[Data excerpts]
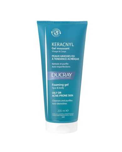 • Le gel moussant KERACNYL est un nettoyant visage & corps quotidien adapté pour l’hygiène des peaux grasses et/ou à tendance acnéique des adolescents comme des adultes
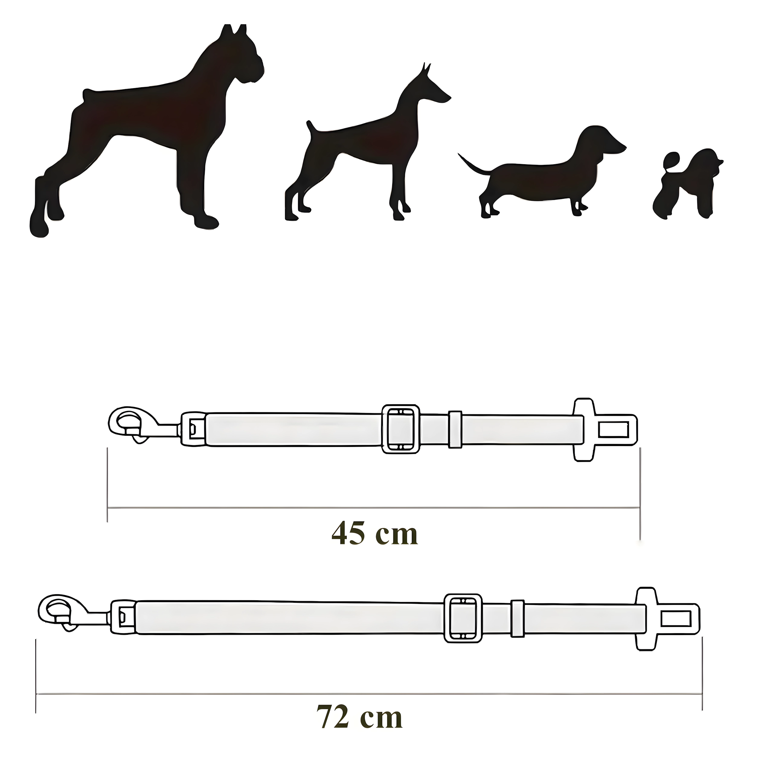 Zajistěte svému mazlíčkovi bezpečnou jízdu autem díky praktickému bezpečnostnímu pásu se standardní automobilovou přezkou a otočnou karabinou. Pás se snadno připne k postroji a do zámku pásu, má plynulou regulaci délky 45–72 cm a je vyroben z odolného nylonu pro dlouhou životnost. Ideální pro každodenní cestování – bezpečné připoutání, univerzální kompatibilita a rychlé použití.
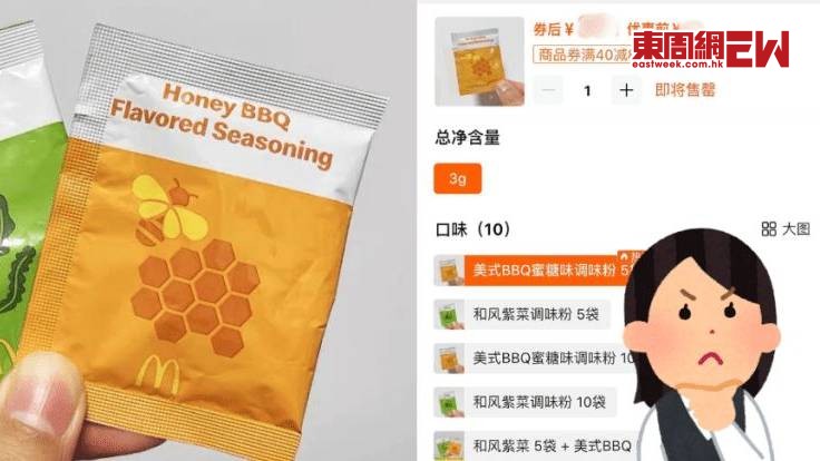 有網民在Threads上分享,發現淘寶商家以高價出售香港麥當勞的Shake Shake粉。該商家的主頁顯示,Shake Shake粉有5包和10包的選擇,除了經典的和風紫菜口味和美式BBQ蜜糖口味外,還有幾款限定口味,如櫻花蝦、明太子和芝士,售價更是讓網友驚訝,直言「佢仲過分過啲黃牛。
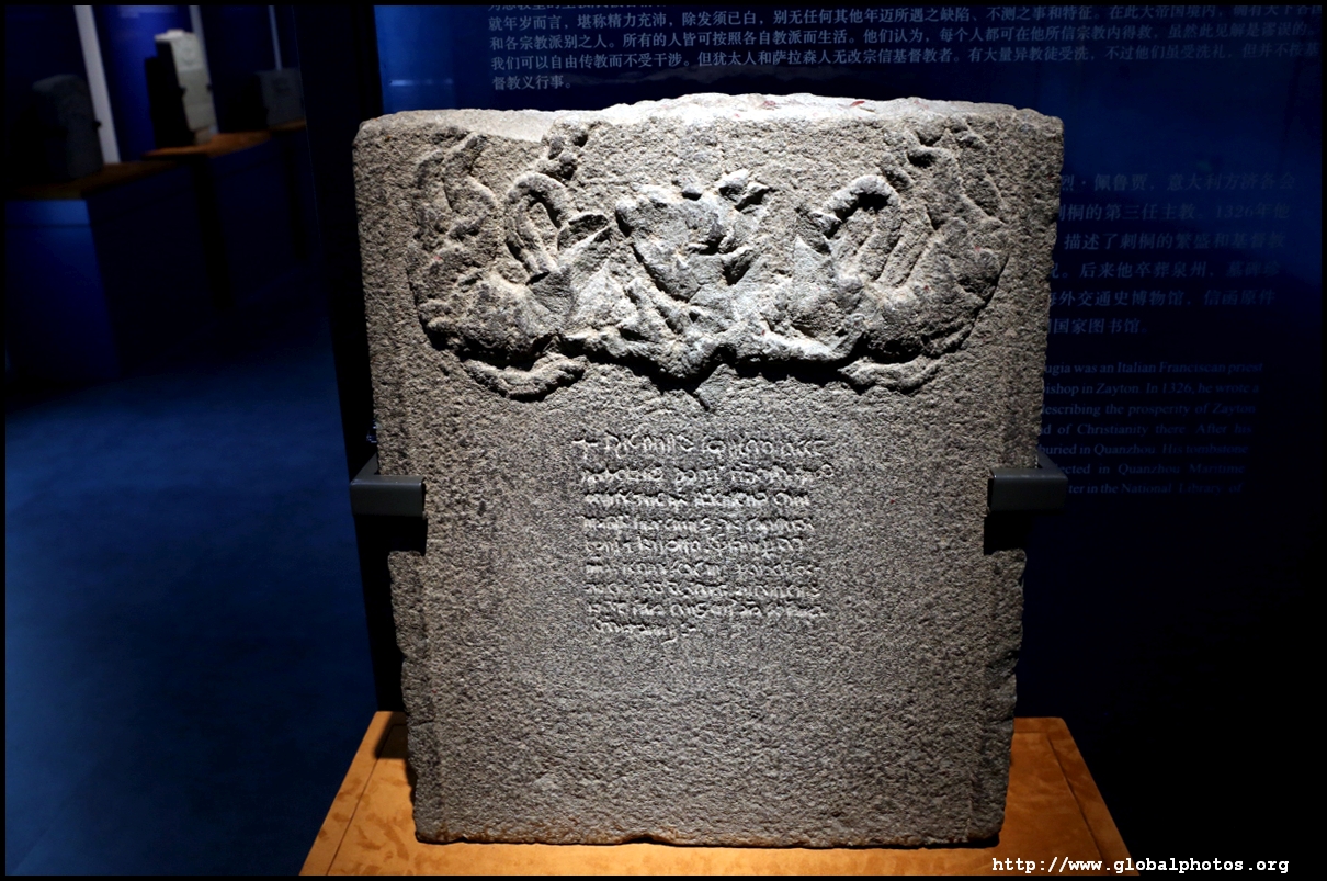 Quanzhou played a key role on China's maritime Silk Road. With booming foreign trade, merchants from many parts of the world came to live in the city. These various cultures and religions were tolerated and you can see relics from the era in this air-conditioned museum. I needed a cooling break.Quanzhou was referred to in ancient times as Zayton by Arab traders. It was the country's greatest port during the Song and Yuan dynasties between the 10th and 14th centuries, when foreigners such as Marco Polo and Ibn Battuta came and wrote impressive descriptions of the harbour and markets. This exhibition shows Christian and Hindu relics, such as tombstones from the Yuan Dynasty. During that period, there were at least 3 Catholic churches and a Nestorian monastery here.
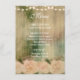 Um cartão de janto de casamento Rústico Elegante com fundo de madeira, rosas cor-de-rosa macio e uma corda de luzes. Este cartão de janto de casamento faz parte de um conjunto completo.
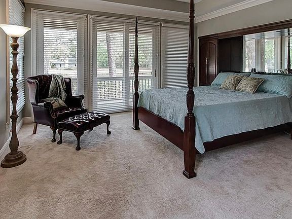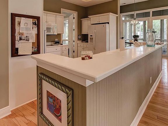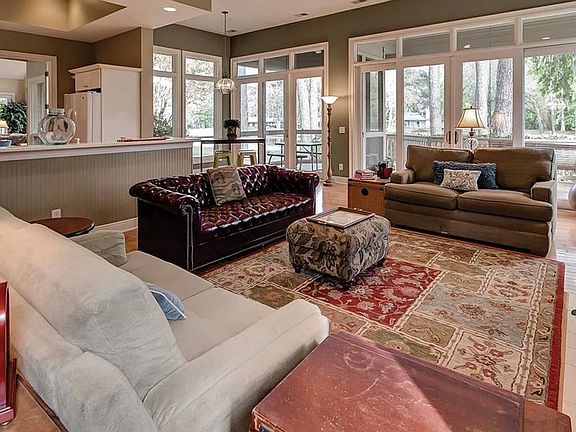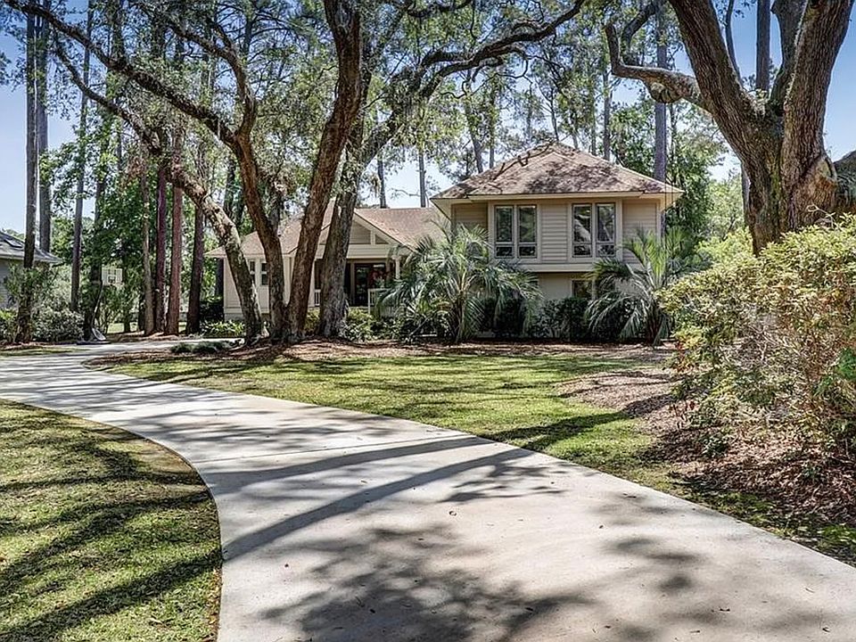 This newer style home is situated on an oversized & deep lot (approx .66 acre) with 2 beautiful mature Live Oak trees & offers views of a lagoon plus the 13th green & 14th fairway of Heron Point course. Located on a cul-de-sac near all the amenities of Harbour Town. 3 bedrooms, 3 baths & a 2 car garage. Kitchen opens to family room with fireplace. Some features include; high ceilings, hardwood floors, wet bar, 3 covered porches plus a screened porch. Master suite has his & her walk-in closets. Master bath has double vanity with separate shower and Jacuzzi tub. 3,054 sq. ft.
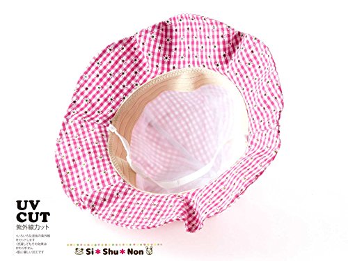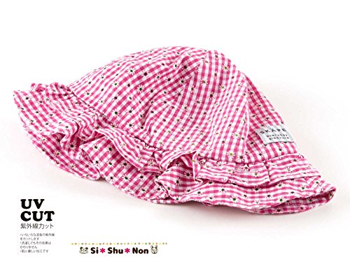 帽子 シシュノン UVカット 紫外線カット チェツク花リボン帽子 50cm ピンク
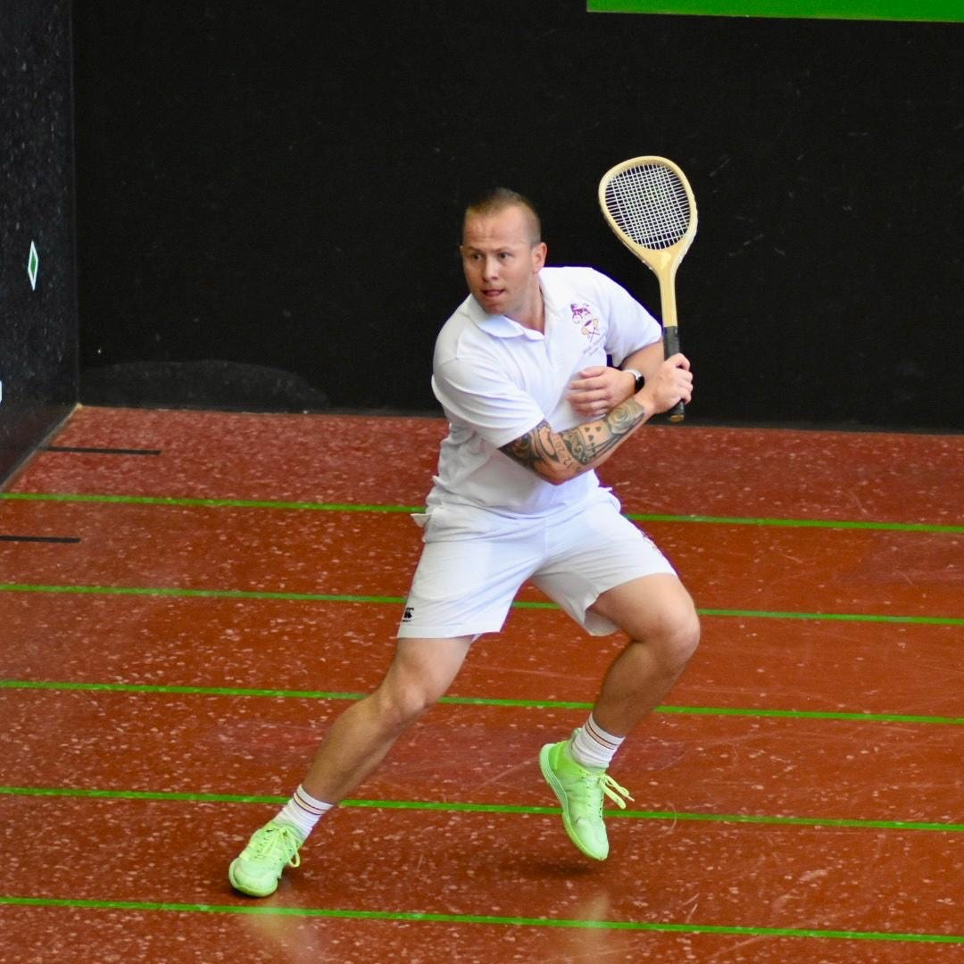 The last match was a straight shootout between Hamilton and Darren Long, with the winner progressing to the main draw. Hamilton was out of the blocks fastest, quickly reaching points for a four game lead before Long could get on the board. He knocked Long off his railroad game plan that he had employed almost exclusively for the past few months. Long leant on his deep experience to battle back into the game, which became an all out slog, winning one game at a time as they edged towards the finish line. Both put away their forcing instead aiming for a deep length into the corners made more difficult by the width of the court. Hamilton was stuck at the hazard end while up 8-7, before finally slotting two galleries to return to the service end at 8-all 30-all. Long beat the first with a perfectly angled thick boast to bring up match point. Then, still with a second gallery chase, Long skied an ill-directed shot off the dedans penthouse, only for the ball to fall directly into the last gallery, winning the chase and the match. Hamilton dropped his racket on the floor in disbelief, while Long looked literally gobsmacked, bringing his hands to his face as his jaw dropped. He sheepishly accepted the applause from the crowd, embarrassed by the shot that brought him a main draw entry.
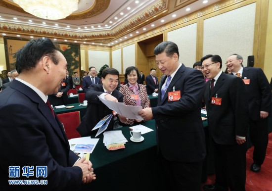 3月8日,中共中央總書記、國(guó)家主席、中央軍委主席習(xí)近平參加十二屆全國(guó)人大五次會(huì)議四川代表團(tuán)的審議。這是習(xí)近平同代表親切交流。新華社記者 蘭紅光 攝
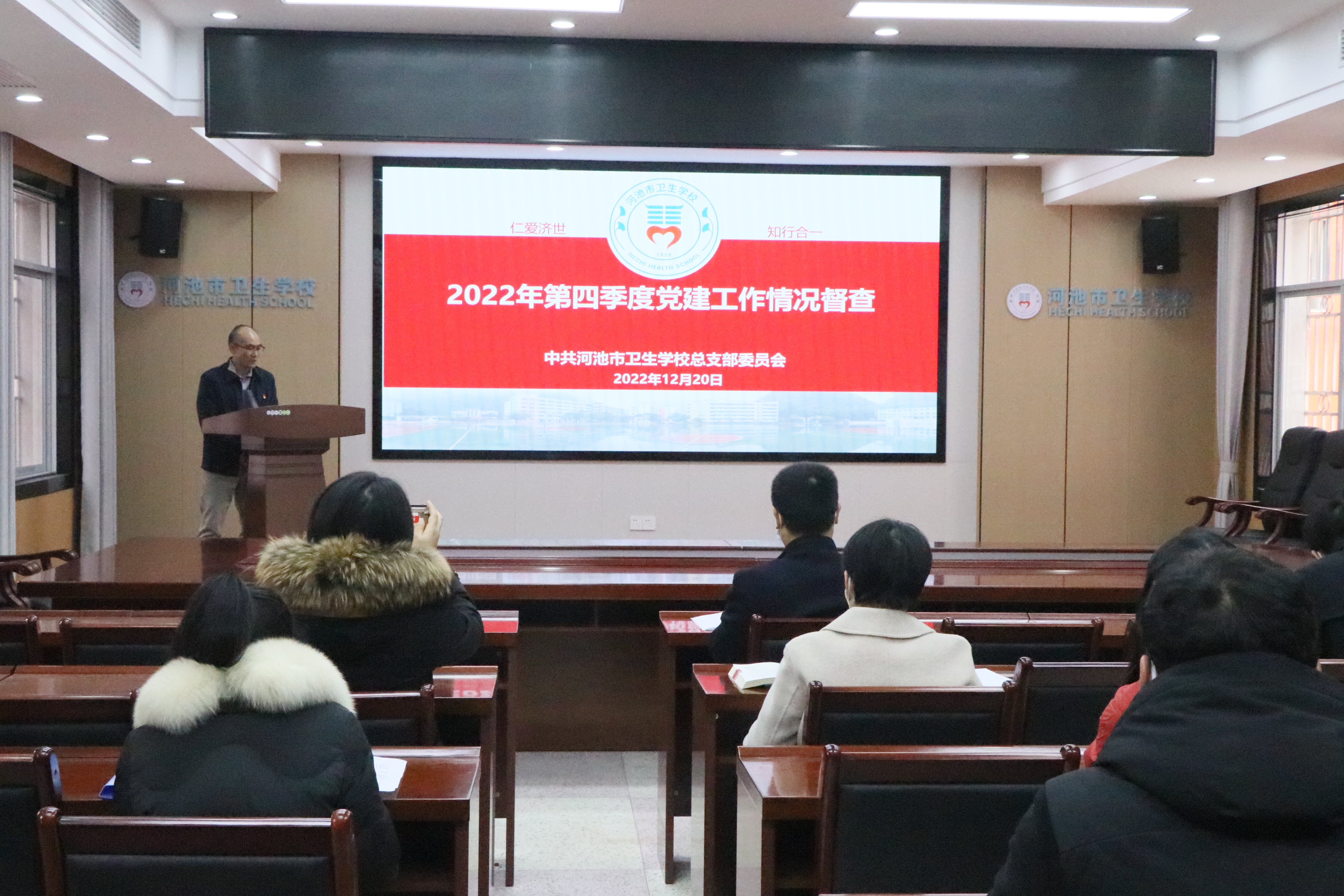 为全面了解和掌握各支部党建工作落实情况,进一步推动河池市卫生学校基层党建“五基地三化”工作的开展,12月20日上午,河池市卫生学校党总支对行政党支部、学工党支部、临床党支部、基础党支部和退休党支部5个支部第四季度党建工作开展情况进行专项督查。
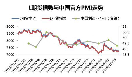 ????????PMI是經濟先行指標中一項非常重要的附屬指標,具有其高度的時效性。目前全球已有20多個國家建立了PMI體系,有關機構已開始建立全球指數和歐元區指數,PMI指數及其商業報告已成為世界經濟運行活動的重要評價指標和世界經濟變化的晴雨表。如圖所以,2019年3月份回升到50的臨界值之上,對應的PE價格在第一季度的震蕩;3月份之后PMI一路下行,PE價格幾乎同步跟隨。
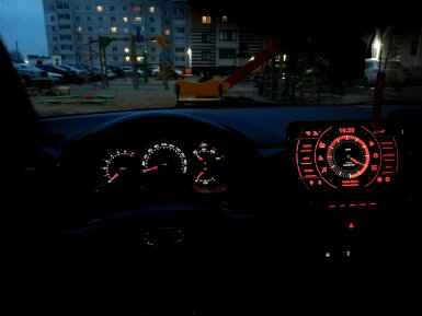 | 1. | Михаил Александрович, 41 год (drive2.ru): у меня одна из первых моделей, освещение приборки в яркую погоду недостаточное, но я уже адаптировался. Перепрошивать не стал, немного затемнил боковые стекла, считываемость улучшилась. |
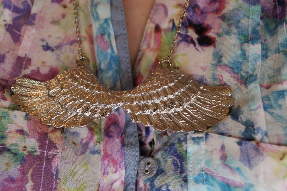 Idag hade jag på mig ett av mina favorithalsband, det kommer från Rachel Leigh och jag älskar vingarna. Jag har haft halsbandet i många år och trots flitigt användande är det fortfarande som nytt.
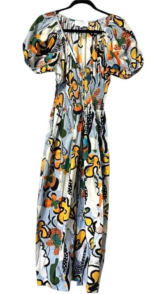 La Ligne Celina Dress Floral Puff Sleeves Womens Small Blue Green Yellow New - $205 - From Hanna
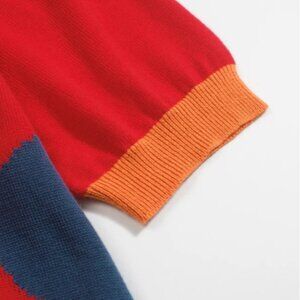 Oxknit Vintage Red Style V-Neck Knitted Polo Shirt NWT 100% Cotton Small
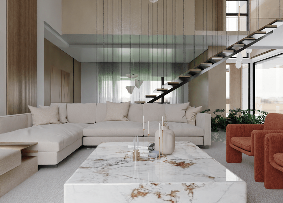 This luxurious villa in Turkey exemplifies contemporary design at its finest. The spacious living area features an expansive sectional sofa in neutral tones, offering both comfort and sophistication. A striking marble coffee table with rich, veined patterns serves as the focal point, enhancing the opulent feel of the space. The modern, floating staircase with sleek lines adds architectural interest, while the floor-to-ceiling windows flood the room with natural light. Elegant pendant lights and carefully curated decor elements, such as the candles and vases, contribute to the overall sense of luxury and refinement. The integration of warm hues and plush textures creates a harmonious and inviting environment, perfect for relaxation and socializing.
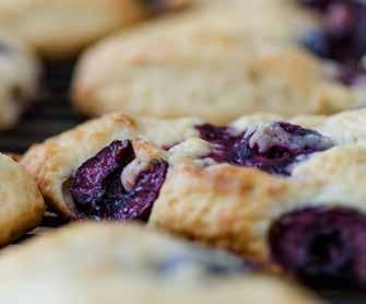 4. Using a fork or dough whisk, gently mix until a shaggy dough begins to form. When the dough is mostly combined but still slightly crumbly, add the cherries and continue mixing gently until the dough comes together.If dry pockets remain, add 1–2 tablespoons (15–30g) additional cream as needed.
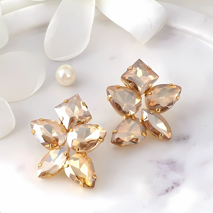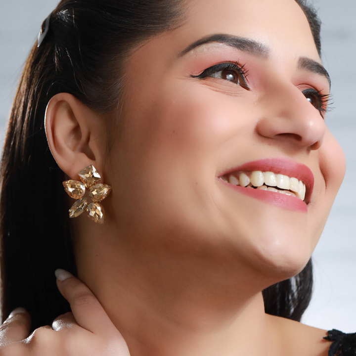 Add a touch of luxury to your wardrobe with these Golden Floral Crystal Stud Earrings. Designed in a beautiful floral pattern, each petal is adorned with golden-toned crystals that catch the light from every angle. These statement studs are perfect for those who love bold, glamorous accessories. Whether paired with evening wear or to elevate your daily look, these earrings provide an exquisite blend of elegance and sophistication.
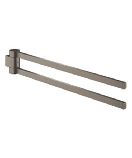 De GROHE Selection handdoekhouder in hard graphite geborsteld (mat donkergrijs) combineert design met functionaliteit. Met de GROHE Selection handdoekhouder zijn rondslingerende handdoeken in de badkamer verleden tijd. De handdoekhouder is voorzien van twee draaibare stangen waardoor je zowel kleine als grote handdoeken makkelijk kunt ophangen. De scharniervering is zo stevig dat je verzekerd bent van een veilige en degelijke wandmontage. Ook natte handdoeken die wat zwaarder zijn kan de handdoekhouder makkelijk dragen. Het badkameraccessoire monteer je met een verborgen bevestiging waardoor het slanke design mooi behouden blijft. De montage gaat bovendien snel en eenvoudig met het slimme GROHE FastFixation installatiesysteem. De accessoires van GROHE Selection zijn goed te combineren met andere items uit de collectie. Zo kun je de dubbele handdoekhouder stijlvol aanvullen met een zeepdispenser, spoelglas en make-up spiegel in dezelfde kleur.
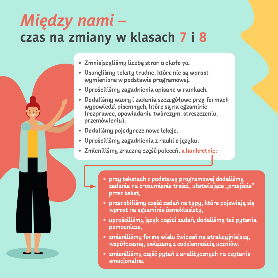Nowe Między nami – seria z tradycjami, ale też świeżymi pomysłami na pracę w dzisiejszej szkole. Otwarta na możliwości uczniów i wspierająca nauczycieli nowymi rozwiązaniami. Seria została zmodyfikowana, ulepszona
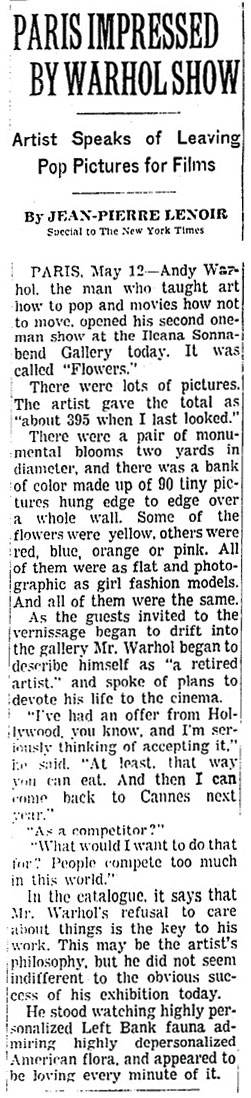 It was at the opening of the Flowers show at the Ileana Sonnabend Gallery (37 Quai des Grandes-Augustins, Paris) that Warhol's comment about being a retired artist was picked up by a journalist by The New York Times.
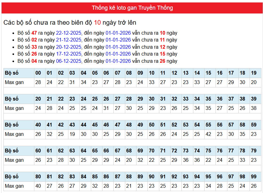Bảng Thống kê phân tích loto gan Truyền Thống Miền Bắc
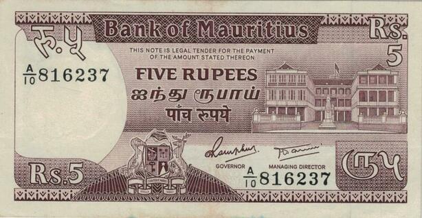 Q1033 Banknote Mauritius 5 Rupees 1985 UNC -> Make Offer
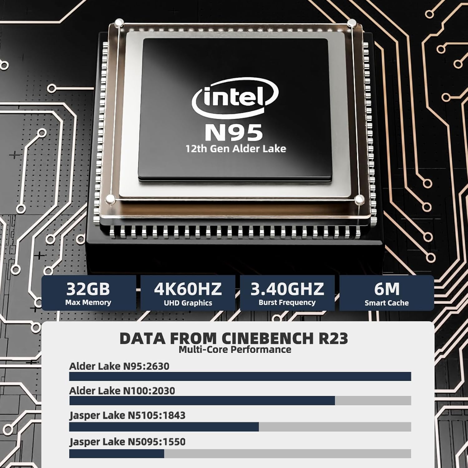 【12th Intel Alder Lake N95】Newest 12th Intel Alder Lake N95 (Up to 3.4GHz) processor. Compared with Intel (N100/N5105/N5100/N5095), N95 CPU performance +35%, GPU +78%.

[Exercise aim]
Could you repeat exactly the lines from the one containing "Q1033 Banknote Mauritius" to the last line of the records, both included, and leave out every picture?

[Response to the task]
 Q1033 Banknote Mauritius 5 Rupees 1985 UNC -> Make Offer
 【12th Intel Alder Lake N95】Newest 12th Intel Alder Lake N95 (Up to 3.4GHz) processor. Compared with Intel (N100/N5105/N5100/N5095), N95 CPU performance +35%, GPU +78%.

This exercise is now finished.